Когда караульный, которого мне предстояло сменить, разбудил меня, я выспался настолько, насколько можно выспаться в жару. Караул я нес у входа в парк, возле пригорков, между которыми были сложены снаряды. Шагая взад и вперед по дощатым настилам, я иногда присаживался, чтобы дать отдых ногам, которые, казалось, были налиты свинцом.
Мне часто приходилось получать такие наряды. И я даже предпочитал нести караул в ночную пору. Летом я вообще спал мало. Как писатель, я привык к ночной работе и люблю часы безмолвия, которых так боятся мещане, — те часы, когда отсыпаются люди тяжелого физического труда. Под белесым ночным небом, обложенным тучами, я машинально шагал взад и вперед с винтовкой на плече, задумавшись, перестав даже чувствовать четыре с половиной килограмма, которые весила винтовка. Я думал. Я продумывал историю с моим отпуском во внутренней взаимосвязи ее частей, во всех ее измерениях. В ярком свете, который зажгла в моем мозгу лихорадка — теперь он смешался с озарявшими горизонт вспышками, с игрой белых, зеленых, красных огней за полосой леса, — я не упускал ни одной детали в картине, которая мне вдруг открылась.
Над подполковником, находившимся теперь далеко, взял верх майор, находившийся на месте. Моя свободная инициатива, искренняя готовность сообщить из чисто патриотических побуждений о возникших у меня планах сведены на нет ничтожным солдафоном во имя глупого и грубого верноподданнического чувства, которое он намерен вколотить в меня, пользуясь такой же глупой и грубой силой. А ко всему еще тщательно насаждаемая система надругательства над нижними чинами, которые не смеют, вернее, не могут защищаться в одиночку, а стоит им объединиться, как их подведут под статью «действия скопом» и они окажутся преступниками.

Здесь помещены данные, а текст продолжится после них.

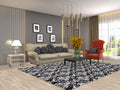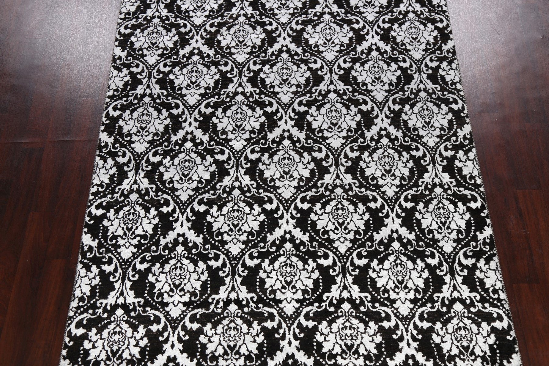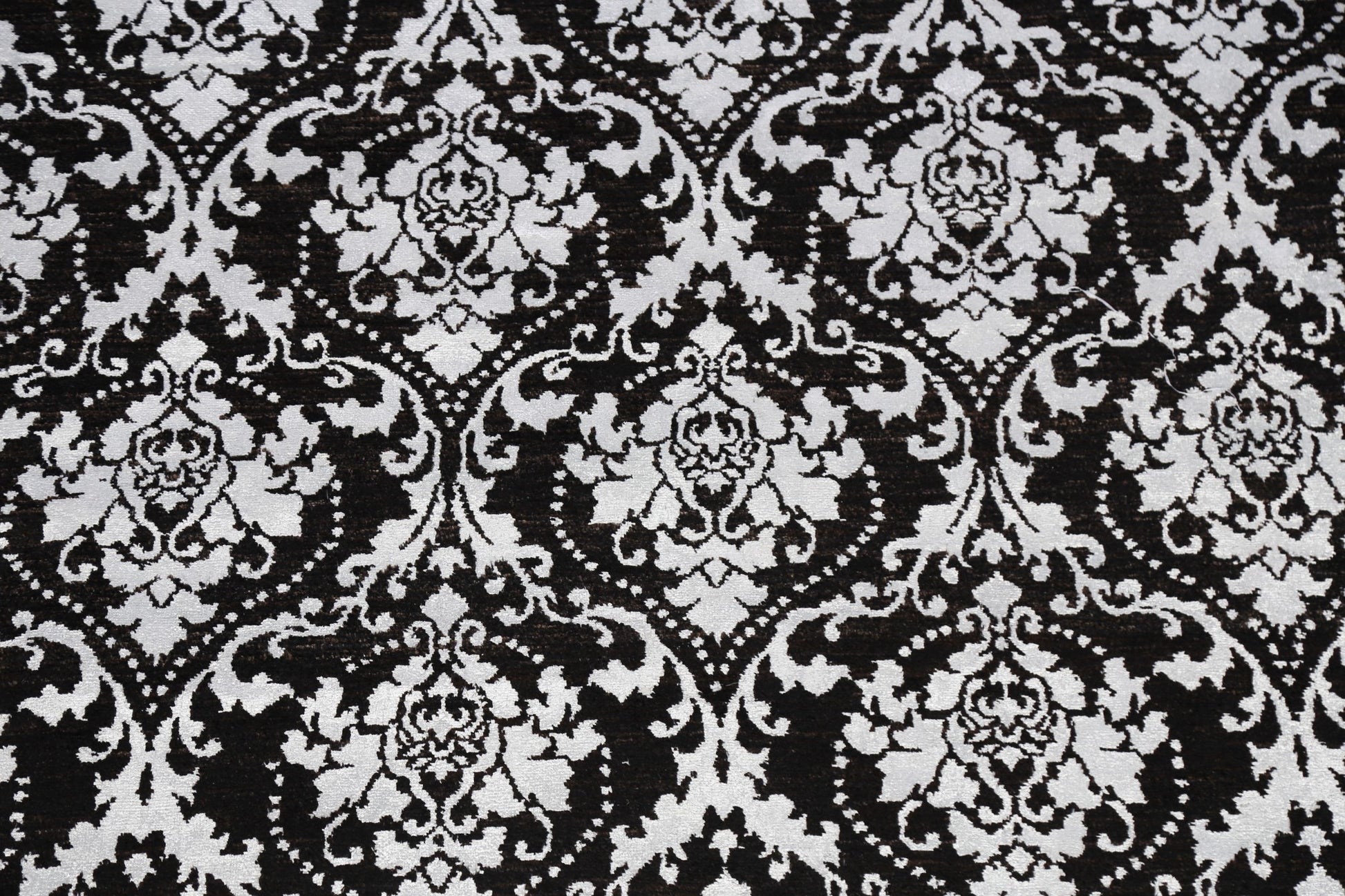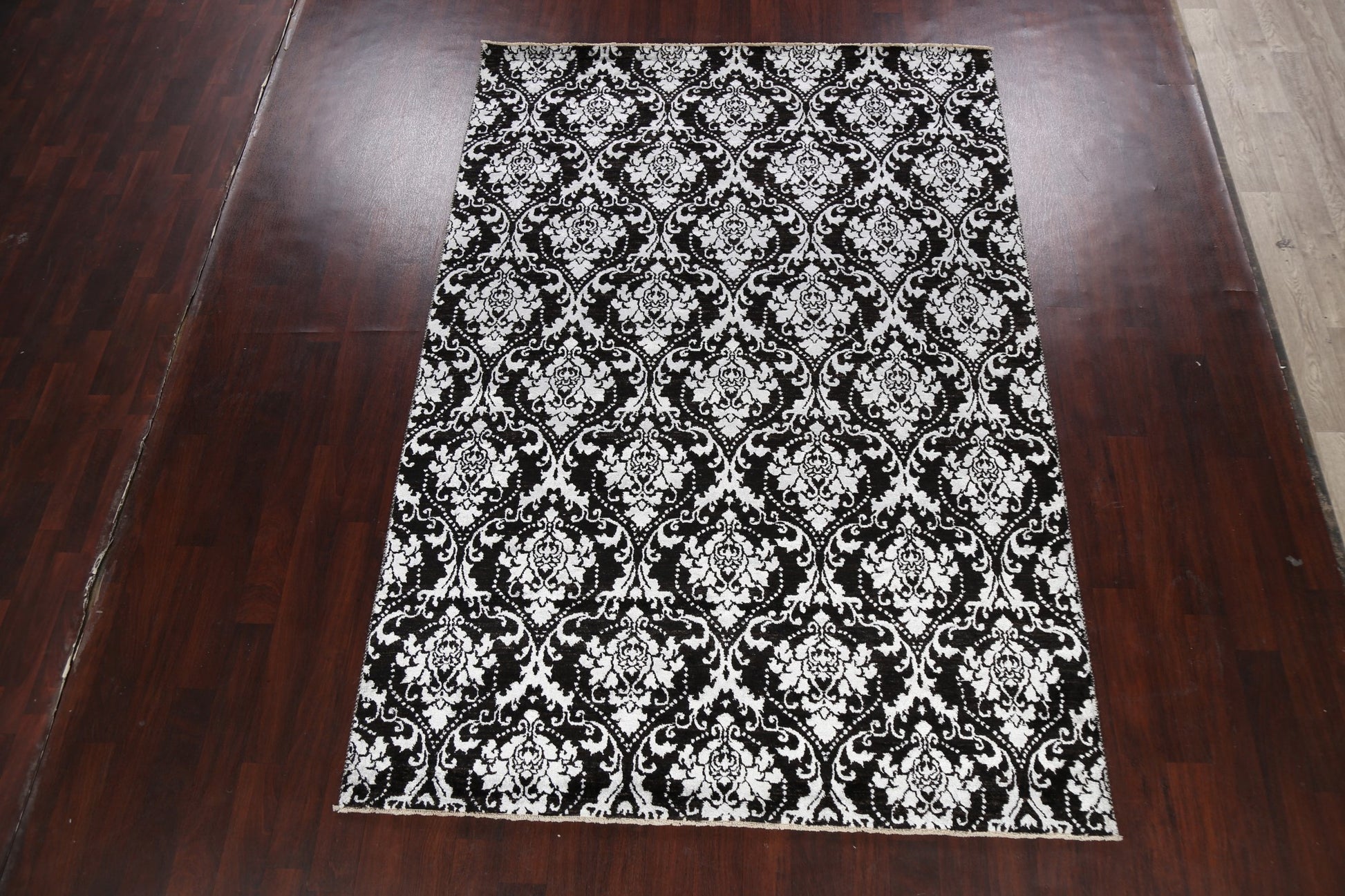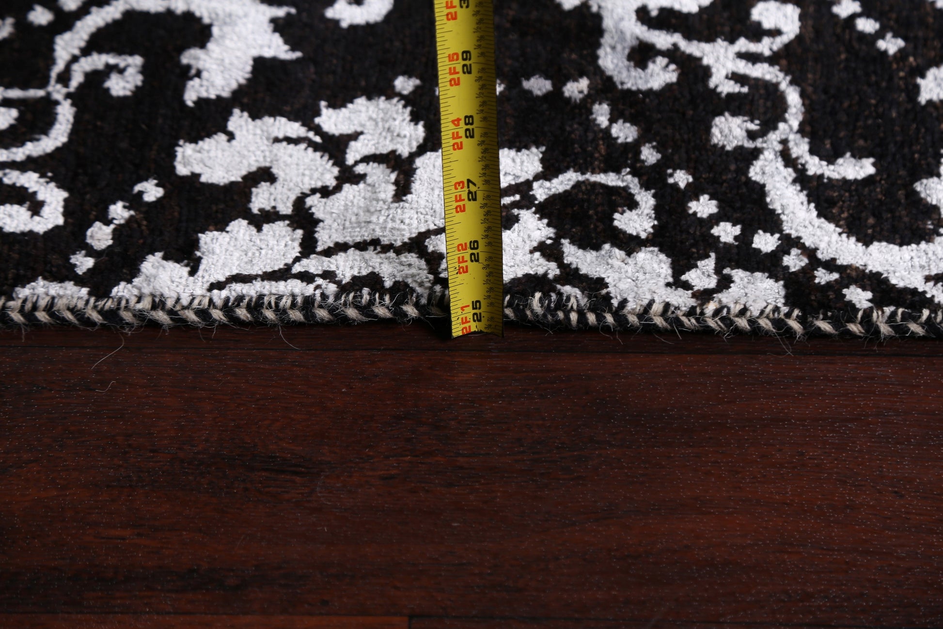 A Beautiful Genuine Pakistan Versace rug is Hand Knotted by skillful weavers in Pakistan with Wool & Silk Material. This rug is in New, First Quality condition. dimensions are 9' 7'' X 6' 8'' in foot and 292 X 203 in centimeter. the primary color is Black.

Я совершенно ясно проследил все происшедшее в его тончайших связях, вплоть до самой первоосновы, до истории с краном и французскими пленными, когда я, бородач, впервые обратил на себя внимание наших властителей. Я знал, что в моем лице они бьют еврея. Но еще с большей злобой преследуют они во мне своего непримиримого врага — духовное начало, живую душу, страстную жажду справедливости. Они долго ждали, прежде чем нанести мне этот удар, — не потому, что я был важной особой или исключительной личностью, но потому, что им надо было и меня превратить в забитого солдата, отомстить за все неприятности, которые причиняло им мое присутствие со времени истории с водой. Неприятности? Для всех этих глинских, грасников, яншей неприятностью было уже то, что старый толстяк полковник Штейн разволновался, когда я посмел напоить жаждущих и утешить пленных. И я, невинная овечка, я все это наконец понял. Да, я начал понимать!